Akşamları Neredeydim?

Chinka Beach&Snack Bar: Gündoğan sahilde akşamları oturup muhabbet edebileceğiniz sakin bir mekan. Birer kadeh şarapla dalgaların sesini dinlerken yıldızlara da benden selam söylemeyi unutmayın.

Balıkçılar Kahvesi: Gündoğan sahilde balık restoranlarının bulunduğu kısımda yer alan Balıkçılar Kahvesi, çay ve deniz ikilisini sevenlere gelsin. Hem de yelkenlilere baka baka.

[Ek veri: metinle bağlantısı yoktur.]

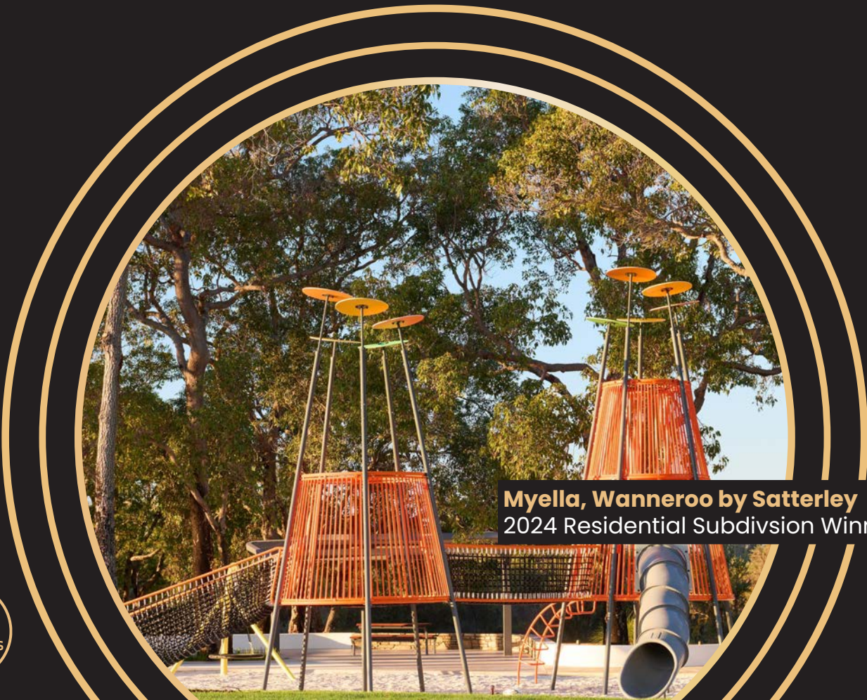
Myella, Wanneroo by Satterley 2024 Residential Subdivision Winner

UDIA WA (08) 9215 3400 events@udiawa.com.au
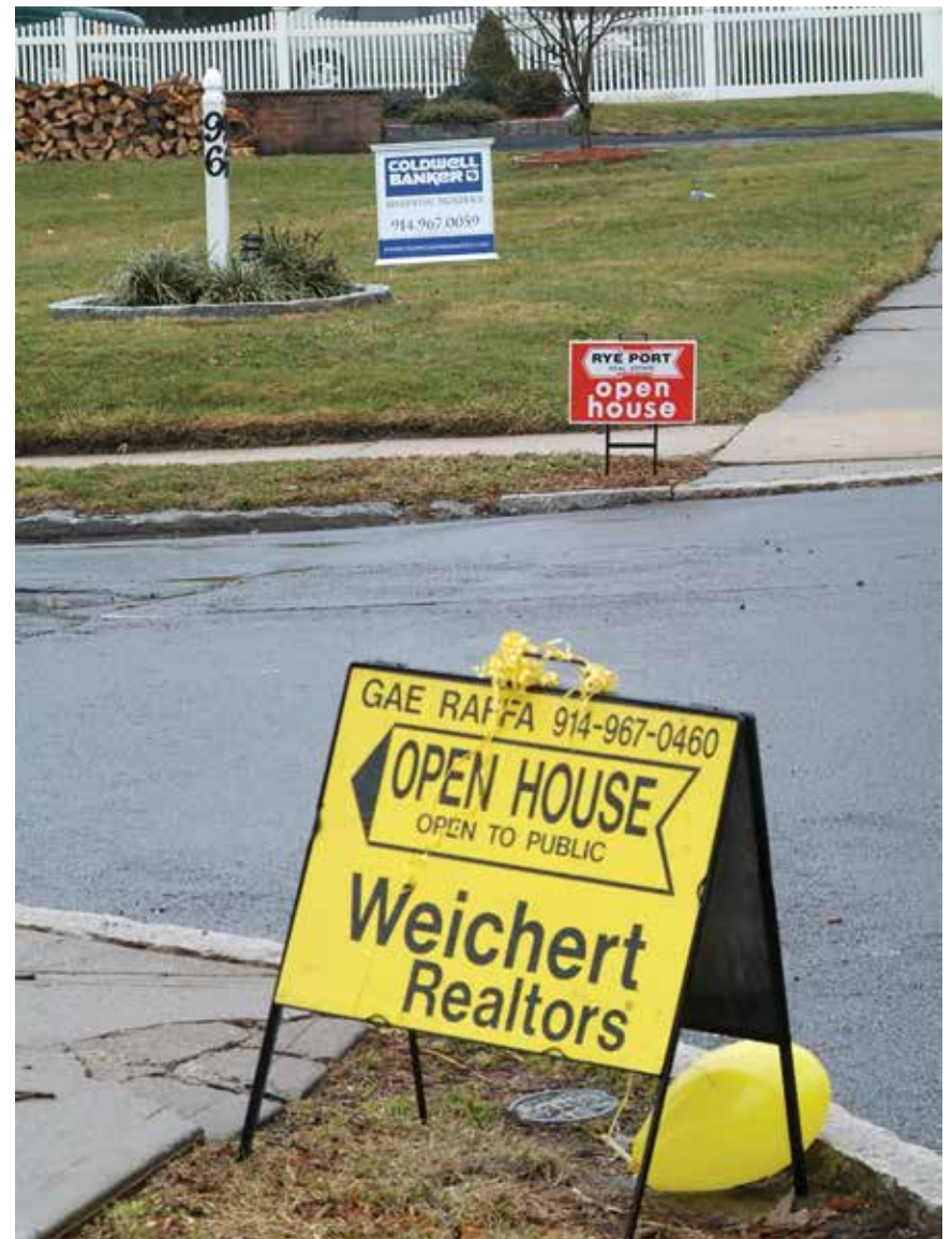
For 25 years, Real Estate In-Depth has covered the region's home sales market. For example, the newspaper reported in 2002 the Westchester average single-family home price broke the $500,000 barrier for the first time. Five years later, the housing market saw home sales decline 13%, a precursor to the recession that followed.
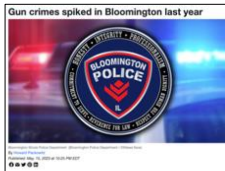
(Howard PACkowitz, “Gun crimes spiked in Bloomington last year,” News 25 Now , 5/15/23)

Headline: “Gun Crimes Spiked In Bloomington Last Year” (Howard Packowitz, “Gun Crimes Spiked In Bloomington Last Year,” News 25 Now , 5/15/23)
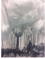
Oder das Licht geht aus , 2016 Chalk base, egg tempera, pigmented shellac 22,5 x 15 x 4 cm
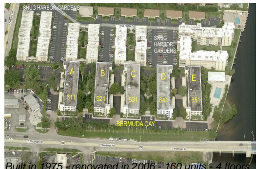
Built in 1975 - renovated in 2006 - 160 units - 4 floors
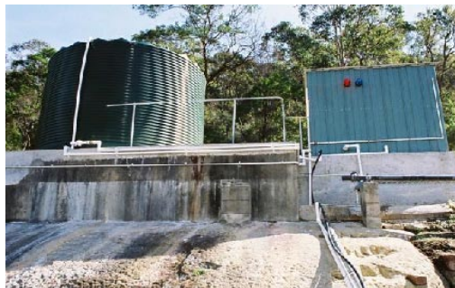
REAR OF PLANT HOUSING SHOWING OPERATION LIGHTS
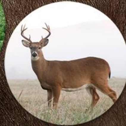
Wildlife and Fisheries
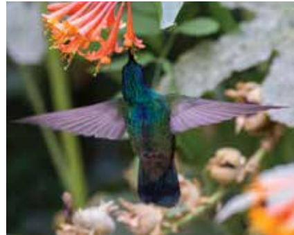
Mexican Violetear Montana's first record, Fort Smith, Montana 9-6-2024.

In any given year the MBRC will review between 20-50 rare bird reports. Currently, of the 448 bird species on the Montana list, 106 species are review species. 17 new bird species have been added to the official list in the last ten years, and the newest addition in 2025 was a Mexican Violetear .
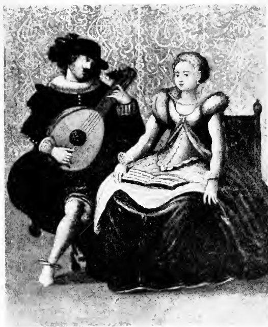
QUEEN MARY AND HER SINGER (The Smeaton-Hepburn Picture)
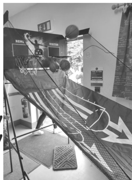
A new activity funded by donations
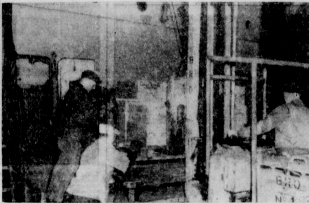
LONGSHOREMEN CALL OFF STRIKE—Longshoremen load the Queen of Bermuda with supplies in New York after the dockworkers unanimously decided to end the dockstrike.
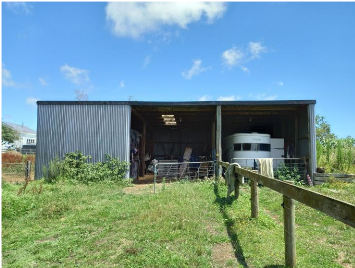
Horse Float and Equestrian Shed
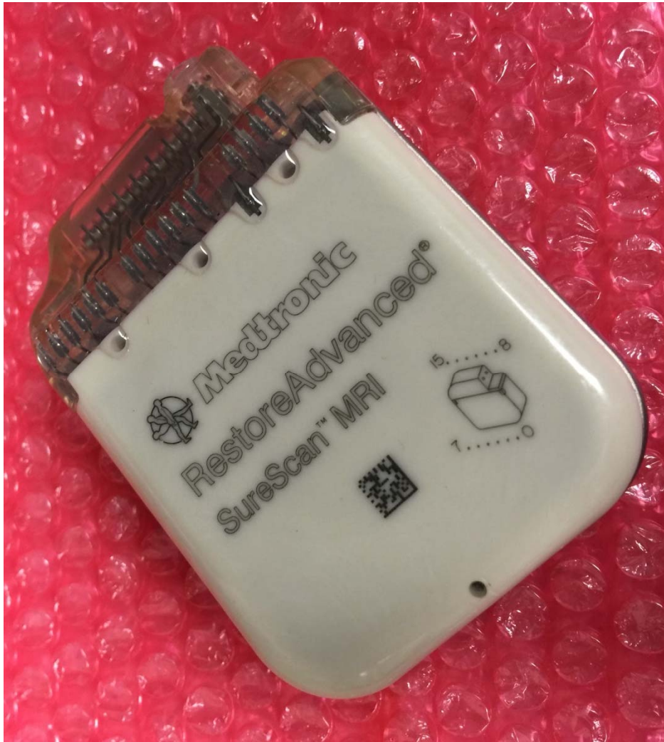
Figure 9: RestoreAdvanced®SureScan MRI, Model: 97713, Asymmetric Right Side View
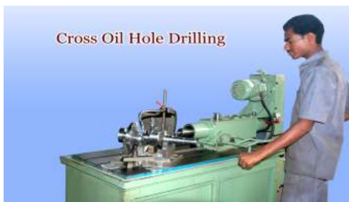
Cross Oil Hole Drilling
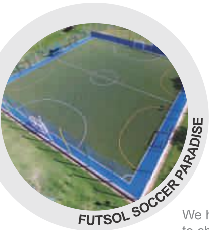
FUTSOL SOCCER PARADISE

The council approved the ALIVE AFTER 5 concept last year, which saw street entertainment and night stalls being introduced into the CBD in an effort to attract more people to shop there and enjoy extended shopping hours during the festive season.
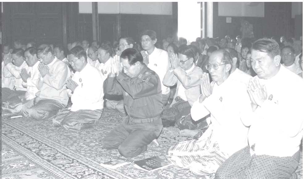
Minister Brig-Gen Kyaw Hsan and party and guests pay respects to doyen literati.
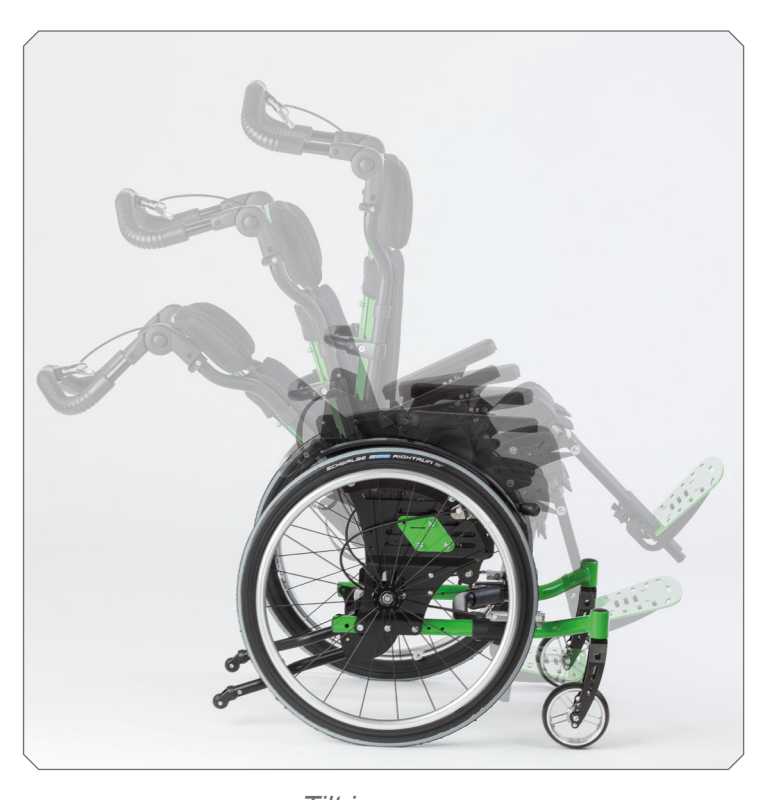
Tilt in space.
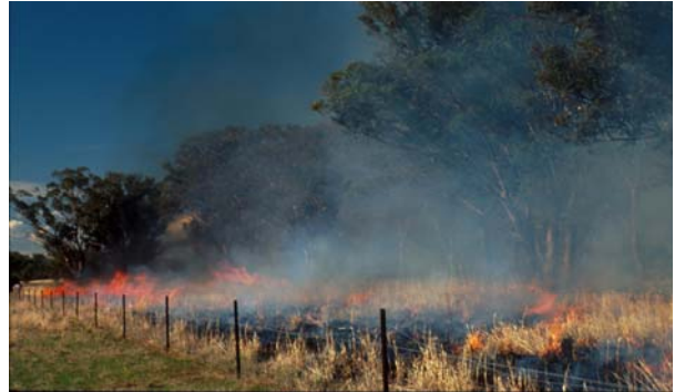
Burning off to restore natural habitat for threatened species

indigenous canopy trees can be planted. The heat and smoke will certainly assist those wonderful little Australians we don't see much of any more, and restore a spectacular wildflower display that has been declining for half a century. It will also reduce excess fuel loads and assist weed eradication through follow-up spraying. For further information on this project please contact Ray Thomas Ph 5761 1611.
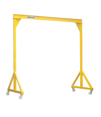
➤ Steel workshop gantry cranes from 500 kg to 6.3 t.
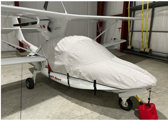
Scoda Super Petrel Canopy/Nose Cover
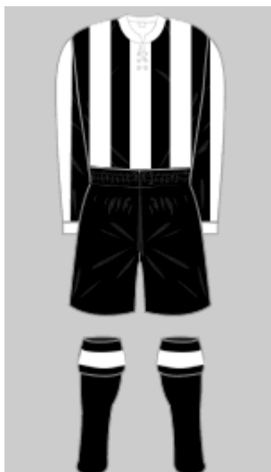
Wick Academy Season – 1913-14
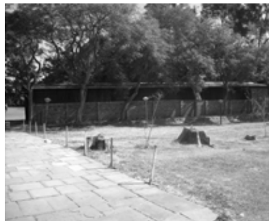
Fig. 4.9: clubhouse
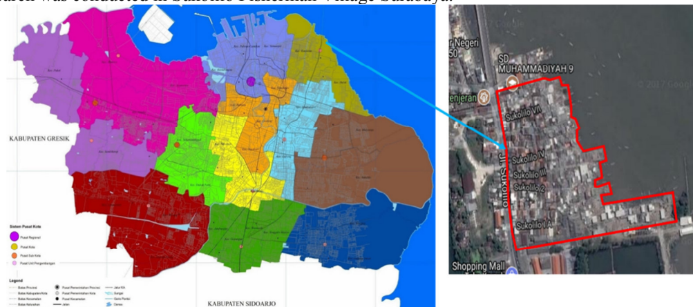
Figure 1. Sukolilo Fisherman Village, Bulak Sub-district, Surabaya

This research was conducted in Sukolilo Fisherman Village Surabaya.
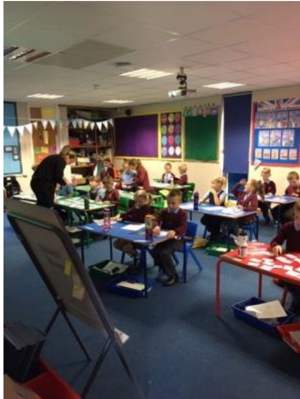
3 - Year 2
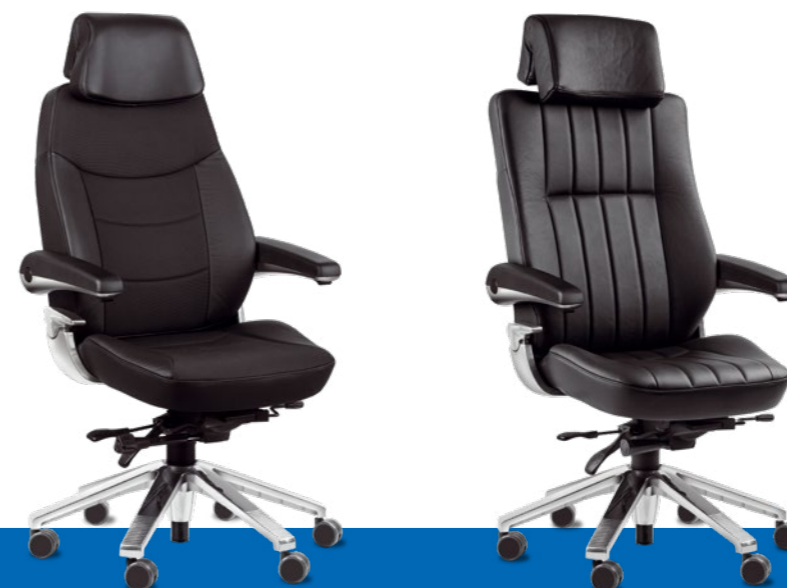
Sv S6 in black leather with comfort Headrest and tip-up armrests.

Above all, of course, the Sv S6 is all about comfortable sitting and relaxed working. Hence the reason for the Sv S5 functions and sitting comfort. Sit down and experience a totally new sitting experience. But never forget that no one will pay you the overtime.
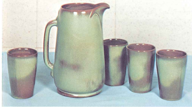
9.25 80—2 QT. PITCHER 5L—12 OZ. TUMBLER 3.75
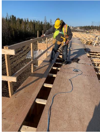
Second floor LVL Install
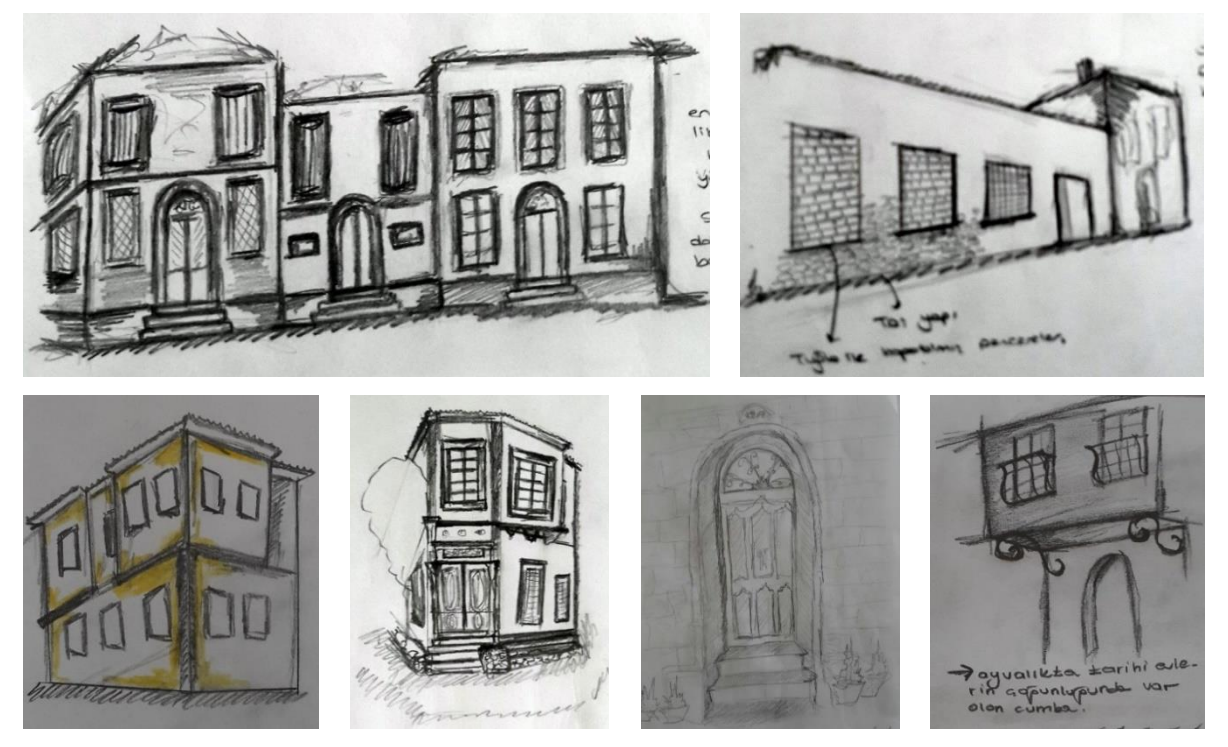
Figure 3. Sketches showing building forms, façade organization and material use in Ayvalık

remarkable, representing the level of wealthy of the owner. Tall doors are decorated with posts, local motives and glass, often elevated with two or three steps. Colorful plastered façades are enriched with flowers while saddle roofs and wooden eaves are preferred at top of the buildings (Figure 3).

Sail Loft: Gündüz beach ve su sporları merkezi olan Sail Loft, akşamları da içki içip sohbet edebileceğiniz bir mekan halini alıyor.

Ne Aldım?

Kolye 10, bilezikler 5 TL
Gündoğan otogarın karşısında bulunan Nazar Shop’tan 3 tanesi 10 TL’ye magnet almış olsam da siz sahil yolundaki ufak tezgahlardan tanesi 2 TL’ye magnet alabilir, benim gibi kazıklanmayabilirsiniz:)
Havludan daha kullanışlı olan peştemalleri Gündoğan’daki ufak tezgahlarda uygun fiyatlara alabiliyorsunuz. Fiyatları 10 ile 25 TL arasında değişiyor.